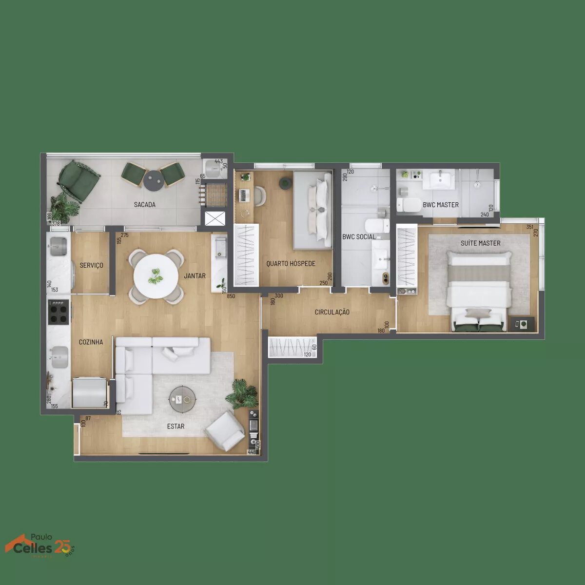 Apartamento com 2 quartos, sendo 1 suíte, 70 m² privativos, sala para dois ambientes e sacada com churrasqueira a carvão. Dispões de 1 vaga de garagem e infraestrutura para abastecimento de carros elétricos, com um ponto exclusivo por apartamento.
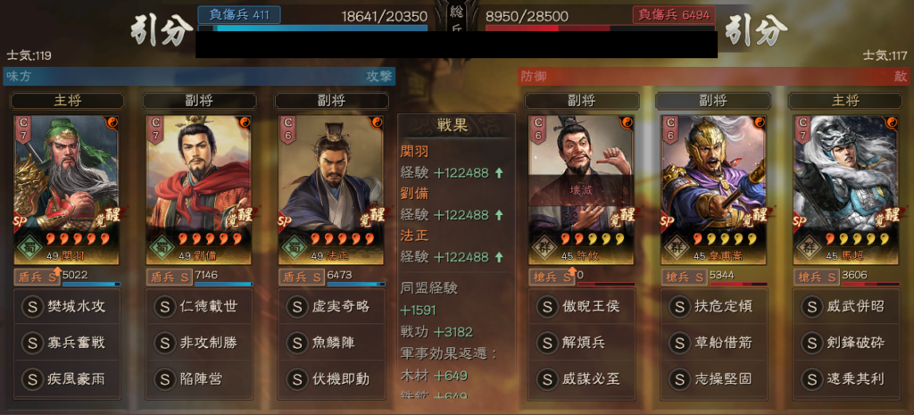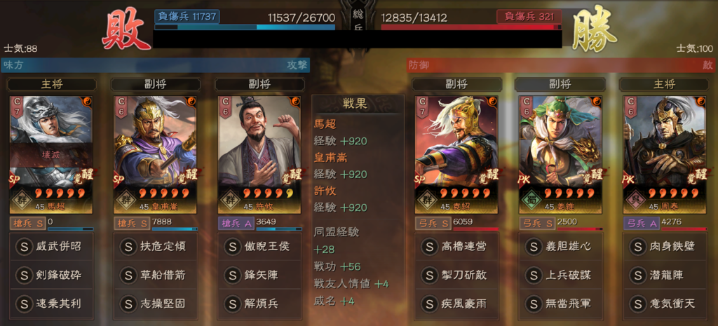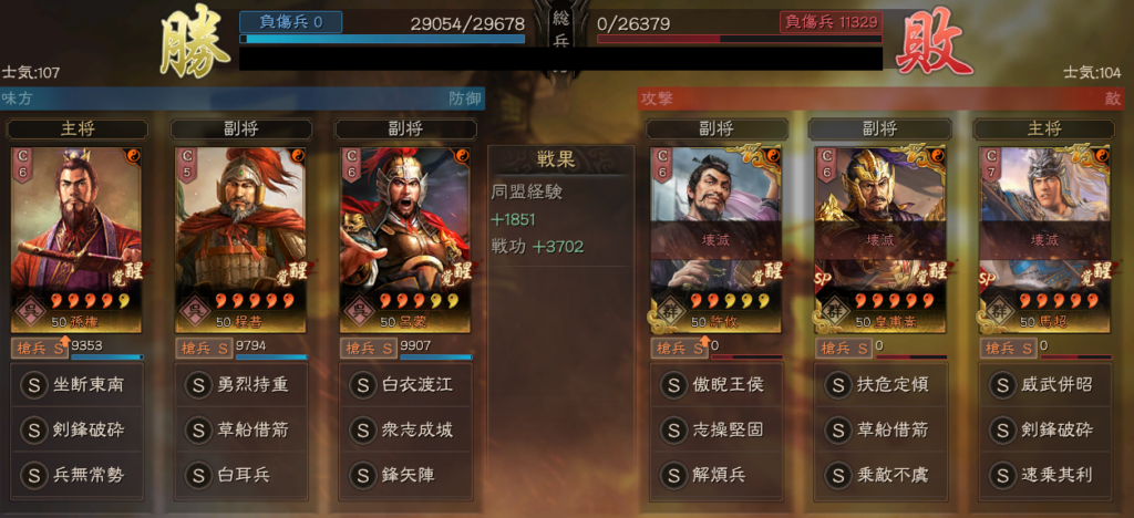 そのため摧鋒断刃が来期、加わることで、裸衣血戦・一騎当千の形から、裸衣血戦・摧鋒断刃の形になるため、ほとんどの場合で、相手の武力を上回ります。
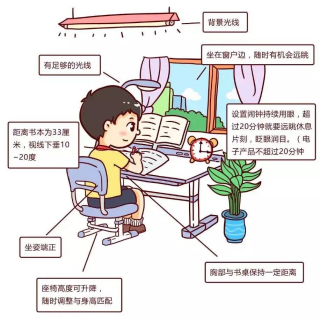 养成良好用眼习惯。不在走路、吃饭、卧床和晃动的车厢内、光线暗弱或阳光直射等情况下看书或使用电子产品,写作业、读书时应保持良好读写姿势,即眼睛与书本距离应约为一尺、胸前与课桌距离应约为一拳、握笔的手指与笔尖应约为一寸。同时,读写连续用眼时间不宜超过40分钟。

============

No picture is to be included when the lines from the one containing "そのため摧鋒断刃が来期、加わ" through the end of the material above are output exactly; nothing else is written.

 そのため摧鋒断刃が来期、加わることで、裸衣血戦・一騎当千の形から、裸衣血戦・摧鋒断刃の形になるため、ほとんどの場合で、相手の武力を上回ります。
 养成良好用眼习惯。不在走路、吃饭、卧床和晃动的车厢内、光线暗弱或阳光直射等情况下看书或使用电子产品,写作业、读书时应保持良好读写姿势,即眼睛与书本距离应约为一尺、胸前与课桌距离应约为一拳、握笔的手指与笔尖应约为一寸。同时,读写连续用眼时间不宜超过40分钟。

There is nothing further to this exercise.